As part of America's largest generation, Millennials are on target to make an enormous cultural and economic impact. Millennials make up one-third of the population. The first wave is entering their 30s and establishing themselves as professionals. Then there will be four generations in the workplace. And they will be providing care for six generations.

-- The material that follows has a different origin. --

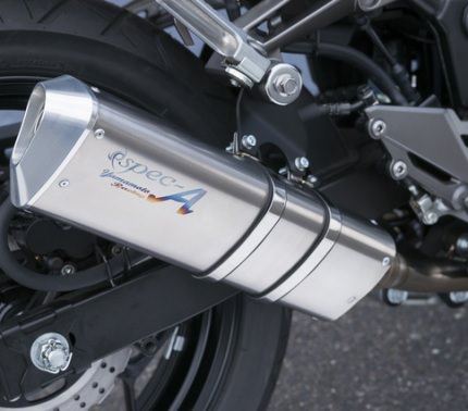 タンデムステップ装着可能、オイル交換、エレメント交換対応。・JMCA認証。政府認証適合(国内仕様のみ)。・サイレンサーサイズ:チタン三角形 350mm。アルミ削り出しエンドキャップ仕様。

For Millennial dentists, bridging the generation gap will be crucial to success. Each generation grows up under the influence of events that happen during their formative years. Understanding the 'style' and needs of each group is important. It will allow you to provide excellent care. You will also grow your patient base. In addition, it will create employee satisfaction since several generations will be working together. Let us look at the generations you may encounter in your practice.
Greatest Generation: Born between 1901-1924. This group is elderly, but also quite proud. You may have some as patients.
Dental issues: Lack of dental care in childhood and during the Great Depression may have caused chronic problems. Since Medicare Parts A and B do not cover dental care, ages 75–84 (22.3%) and 85 and over (19.9%) have dental insurance. With Medicare Advantage Plans, which include dental and vision, 63% of Medicare Advantage enrollees are 70 or older.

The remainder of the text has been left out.